## Information provided
◆ ◆ ◆ ◆

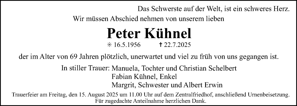 Hier finden Sie alle Traueranzeigen aus der Zeitung, die bisher für Peter Kühnel erschienen sind. Weitere Traueranzeigen, die in der Zeitung erscheinen, werden hier ebenfalls aufgelistet
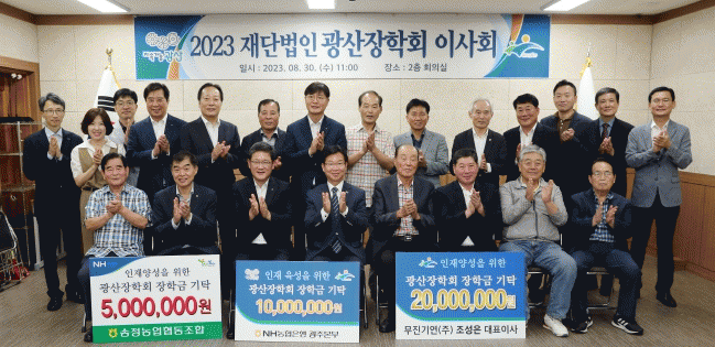 [¹Ìµð¾îÀü³² ±èÁ¤¿ì ±âÀÚ]Àç´Ü¹ýÀÎ ±¤»êÀåÇÐȸ°¡ 30ÀÏ ¿ÀÀü ±¤»ê±¸Ã» 2Ãþ »óȲ½Ç¿¡¼ 2023³â Á¦2Â÷ ÀÌ»çȸ¸¦ °³ÃÖÇÑ °¡¿îµ¥, ȸÀÇ¿¡ ¾Õ¼ Áö¿ª ÀÎÀç À°¼ºÀ» À§ÇÑ ÀåÇÐ±Ý Àü´Þ½ÄÀÌ ¿·È´Ù. Àü´Þ½Ä¿¡¼ NH³óÇùÀºÇà ±¤ÁÖº»ºÎ´Â 1000¸¸ ¿ø, ¹«¡¦
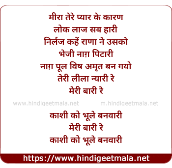 Lyrics of Meera Tere Pyar Ka Kaaran - मीरा तेरे प्यार के कारण
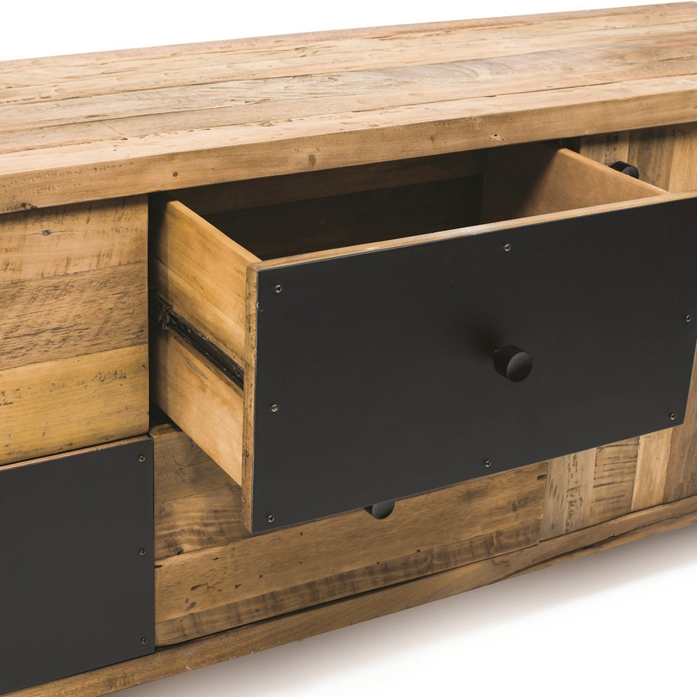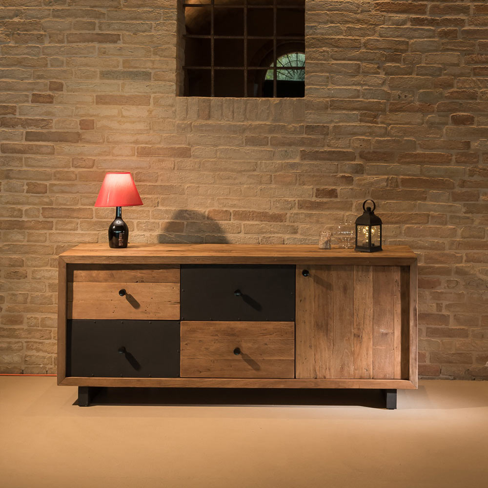 Indendørs skænk lavet af naturligt kaffefarvet genbrugstræ med 1 låge, 2 frontskuffer i træ, 2 frontskuffer i sort metal og metalfødder.

◆ ◆ ◆ ◆

## Try it
When you reach a picture, pass over it; write out all other material exactly.

## Finished exercise
 Hier finden Sie alle Traueranzeigen aus der Zeitung, die bisher für Peter Kühnel erschienen sind. Weitere Traueranzeigen, die in der Zeitung erscheinen, werden hier ebenfalls aufgelistet
 [¹Ìµð¾îÀü³² ±èÁ¤¿ì ±âÀÚ]Àç´Ü¹ýÀÎ ±¤»êÀåÇÐȸ°¡ 30ÀÏ ¿ÀÀü ±¤»ê±¸Ã» 2Ãþ »óȲ½Ç¿¡¼ 2023³â Á¦2Â÷ ÀÌ»çȸ¸¦ °³ÃÖÇÑ °¡¿îµ¥, ȸÀÇ¿¡ ¾Õ¼ Áö¿ª ÀÎÀç À°¼ºÀ» À§ÇÑ ÀåÇÐ±Ý Àü´Þ½ÄÀÌ ¿·È´Ù. Àü´Þ½Ä¿¡¼ NH³óÇùÀºÇà ±¤ÁÖº»ºÎ´Â 1000¸¸ ¿ø, ¹«¡¦
 Lyrics of Meera Tere Pyar Ka Kaaran - मीरा तेरे प्यार के कारण
 Indendørs skænk lavet af naturligt kaffefarvet genbrugstræ med 1 låge, 2 frontskuffer i træ, 2 frontskuffer i sort metal og metalfødder.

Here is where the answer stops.